Она наклонилась к нему и обхватила ладонями его лицо.
– Миша, ты такой красивый…
– Пойдём в спальню… Я хочу тебя безумно, – шептал он, задирая подол её пеньюара.
Когда они вернулись в спальню, а она легла на подушки, он присел рядом.

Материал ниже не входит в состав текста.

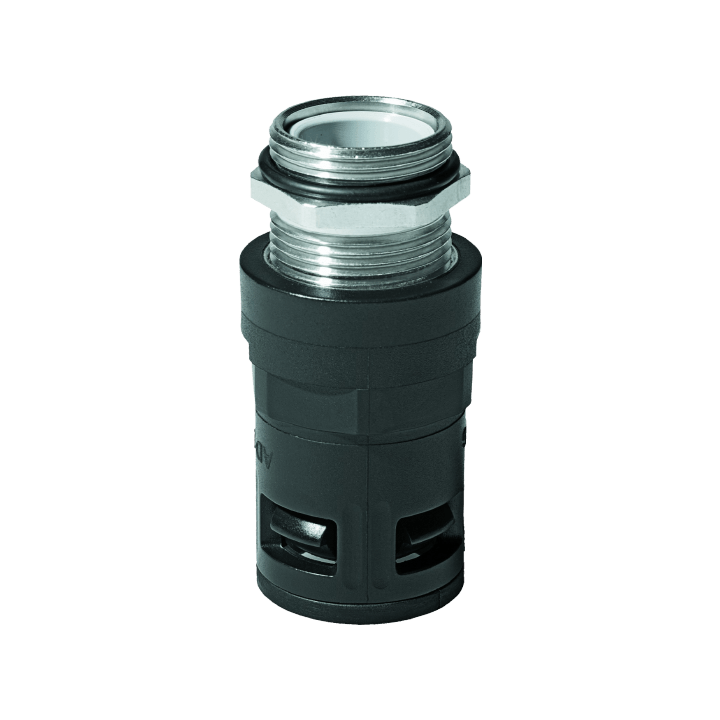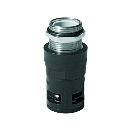 Raccordi pressacavo filetto maschio metallico,colore nero. Composti da un corpo in poliammide e da un terminale in ottone nichelato che funge da pressacavo. La tenuta è garantita da una speciale guarnizione in TPE alloggiata internamente al corpo e dalla guarnizione in polipropilene e gomma applicata nel terminale pressacavo. Vengono normalmente utilizzati in impieghi gravosi in cui è richiesta una notevole resistenza alle sollecitazioni meccaniche. La filettatura è metrica ISO in conformità con le norme CEI EN 60423.

– Ты сказала вчера, что лежала на том жертвенном столе почти обнаженная?
– Рубашка была широкой, и маркиз заголил ее до самых подмышек.
– А тем храмовникам, в черных сутанах, было всё видно? Видно твоё голое тело?
– Я думаю, что да. Хоть они и не стояли близко.
– Покажи, как ты лежала? Ноги, живот, всё покажи… и подними пеньюар до горла. Я хочу всё это видеть. Он ведь до горла задрал тебе ту, старинную рубаху?
– Да, почти до горла, – кивнула она.
– И на лицо?
– Нет, лица он не закрывал.
– Сделай всё так же.
Она, тяжело дыша, исполнила его просьбу – подол кружевного пеньюара был задран до подбородка, обнажив полные груди, живот и выпуклый лобок, покрытый тёмными густыми волосами. Помимо этого она чуть раздвинула сомкнутые стройные ноги.
– Ты так вот и лежала?
– Так… – прошептала она.
– А ноги? Ноги были раздвинуты так же или сильнее?
– Так же…
– Лжёшь! Ты раздвинула их перед всеми, чтобы они увидели у тебя всё…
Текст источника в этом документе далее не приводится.